Uma cidade na fronteira mexicana esqueceu-se de que fazia parte dos EUA

Uma proibição do consumo de álcool tornou a cidade mexicana um sucesso de turismo e visitas. No entanto, este esfumou-se em pouco tempo. 

A cidade mexicana de Río Rico, um município de fronteira localizado no Estado de Tamaulipas, tem uma rica história. Já foi uma espécie de pequena Las Vegas e, a certa altura, fez parte dos Estados Unidos. No entanto, muitas das pessoas que ali residem já se esqueceu disso. Por quê?

As fronteiras entre regiões e países mudam com frequência, seja de forma violenta, devido à guerra, seja pacificamente, quando uma porção de terra é negociada entre duas partes.

Mas o caso de Río Rico não se encaixa em nenhum dos dois. Foi precisamente uma empresa (e uma interferência ilegal no curso de um rio) que reescreveu a história da fronteira entre México e Estados Unidos.

O rio Grande, para quem está ao sul, ou rio Bravo, para quem está ao norte, marca geograficamente o limite entre os dois países desde 1848.

Durante muito tempo, o seu curso foi alterado reiteradas vezes, gerando disputas territoriais entre mexicanos e americanos que culminaram no Tratado de 1884, que reconhecia como válidos para fins de redesenho das fronteiras apenas os desvios decorrentes de eventos naturais.

No início dos anos 1900, uma empresa chamada American Rio Grande Land and Irrigation Company mantinha do lado americano uma estação de bombeamento que extraia água do rio para fornecer irrigação a agricultores locais.

Em 1906, a administração da mesma resolveu, sem autorização, estreitar um dos meandros do rio. Cavou, por isso, um canal que acabou a isolar 419 hectares de terra que pertenciam aos EUA e que passaram, com a manobra, para o lado sul do rio, um total 1,67 km² de território batizado de “Banco Horcón”.

“Há consequências quando se tenta controlar a natureza“, diz Joe Vidales, do McAllen Heritage Center, um museu localizado no Estado americano do Texas.

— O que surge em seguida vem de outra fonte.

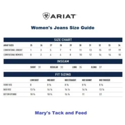 The Ariat Frankie Jean in Regular and Long has a contoured waist with wide belt loops for your favorite wide groovy belt. The look is minimalist with subtle embroidery on the pockets and dark taupe/bronze stitching. The jeans have a pressed cuff that is not tacked so it can be unfolded for riding. Ladies Ariat Frankie Relaxed Straight Leg Jean with Ultra High Rise has trendy retro styling and outstanding comfort and quality.
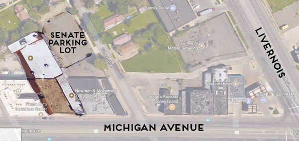 Parking is available in our gated lot, on Gilbert, and Michigan Avenue
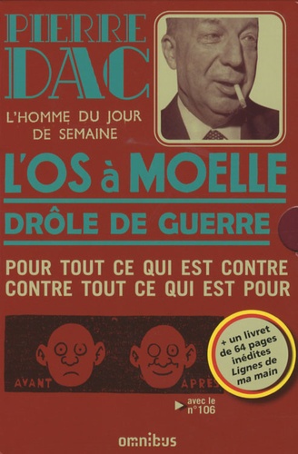 Avec ce coffret réunissant l'anthologie de L'Os à moelle et Drôle de guerre, deux succès qui ont consacré Pierre Dac auprès des jeunes générations, c'est dix ans d'histoire qui défilent sous la plume drolatique du Roi des loufoques et de ses complices : l'avant-guerre, avec L'Os à moelle (1938-1940), l'Occupation et l'après-guerre avec Drôle de guerre (1943-1947). En cadeau, un livret de 64 pages, Lignes de ma main, réunit des pages manuscrites du Roi des loufoques.

Embora o terreno ainda fizesse legalmente parte dos Estados Unidos, sua localização, agora ao sul do rio, colocava-o sob a jurisdição das autoridades mexicanas. A American Rio Grande Land and Irrigation Company violou vários tratados e foi multada por isso, mas o status do território foi deixado em um limbo legal.

Pequena Las Vegas

A população adaptou-se rapidamente à nova realidade, especialmente depois de, em 1920, a Lei Seca ter sido introduzida nos Estados Unidos.

“Se estivesse no sul do Texas e quisesse tomar uma cerveja ou uma margarita, não poderia fazê-lo daquele lado do rio, mas poderia remar, nadar, às vezes até caminhar e conseguiria beber álcool.”

Atirada para o lado mexicano depois do desvio artificial (e ilegal) do rio, a cidade de Río Rico ficou feliz em abastecer seus vizinhos do norte com o que então era proibido no país, o álcool. “Em 1928 teve início a construção de uma ponte para cruzar para Río Rico”, relata Vidales.

Os jornais locais noticiaram não apenas a grande inauguração, mas também tudo o mais que o lugar tinha a oferecer. “A Lei Seca fez florescer a economia de Río Rico. E o nome que ecoava por ali naquela época era o de Al Capone“, acrescenta.

“Não há registro oficial de que ele esteve lá. Mas supõe-se que os seus capangas fossem responsáveis por injetar dinheiro na cidade para transformá-la em uma área turística.”

O esquecimento

Os bons ventos mudaram depois de 1933, quando a proibição ao consumo de bebidas alcoólicas nos EUA foi revogada Río Rico voltou a ser uma pacata cidade de fronteira, lembra Mike England, que trabalha para a England Cattle Company e cresceu do lado americano do rio.

Para ele, a fronteira nunca foi algo que separasse as pessoas. “Crescer ali no rio foi o paraíso: eu ia pescar e caçar durante o dia com as crianças que viviam do outro lado do rio, que vinham para nossa casa como se fossem da família.”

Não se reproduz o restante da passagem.